I look at him. I nod. But I notice something odd about him. On his head he is not wearing a hat but a pineapple. Big and yellow and happy. I smile. Sam's wrinkled sagging face gives me a quizzical look and I curse that I do not have a camera to capture one of life's most beautiful moments.
“It's the money, Lu.” He says, he sits down on the stool in front of me and the pineapple on his head wobbles slightly. I continue to smile, “I love your paintings, you know I do. But I've got a job...and a family. I don't know how long I can support you, Lu.”
I look at him as the sunlight reveals the ugly silliness of his face and his chubby, round body.
“I want to support you but the truth is I don't have enough money...”I watch the pineapple jiggle as he speaks and it makes me laugh slightly. Sam frowns. “Why you staring at my head for Lu? I'm serious! I feel terrible. I know how you love your art but...”
I see him, his pineapple and his wrinkled face and suddenly I see the goldfish swimming in the yellow paint behind him.
“You can't make a living from it anymore, Lu....I'm sorry...”
Suddenly the pink women appears beside him. She's swimming in the sunlight, too. They are all swimming. The pineapple bobs like it would if it were on a swaying branch.
“Lu! Aren't you paying attention!”
The pink women's face is soft and gentle, and I see her mouth curl into a beautiful smile. She strokes the pineapple and she laughs.
“Don't you care, Lu?! Lu!”
The yellow paint washes her face and even the goldfish seems to be smiling. A wet, sneaky smile.
“Oh! I don't know! A man tries to be generous and then...”

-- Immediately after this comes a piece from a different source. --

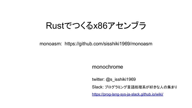 Rustでつくるx86アセンブラ monochrome twitter: @s_isshiki1969 Slack: プログラミング言語処理系が好きな人の集まり https://prog-lang-sys-ja-slack.github.io/wiki/ monoasm: https://github.com/sisshiki1969/monoasm

Sam gets up from his stool and so does the pink women and the pineapple and the goldfish. They are all laughing now. I am laughing too because I understand the inside joke.
“Lu! Why are you laughing!? I am serious!”
The pink lady dusts off her skirt and smiles again.
“Well...okay...if you think this a joke then I will too!”
The pink lady blows me a kiss from the depth of the yellow sunlight that caresses her pink skin.
“Goodbye!”
The door slams close. It is deadly silent. Sam is gone and so are the others, the goldfish, the pink lady, the pineapple, everything. I wait, patiently. Soon the dust has settled and the beams of light have stopped shaking. There is no noise. I look at my painting bathed in this new silence. I admire the yellows and reds. I decide to call it, “A Warm Collage of Life's Minor Interruptions.”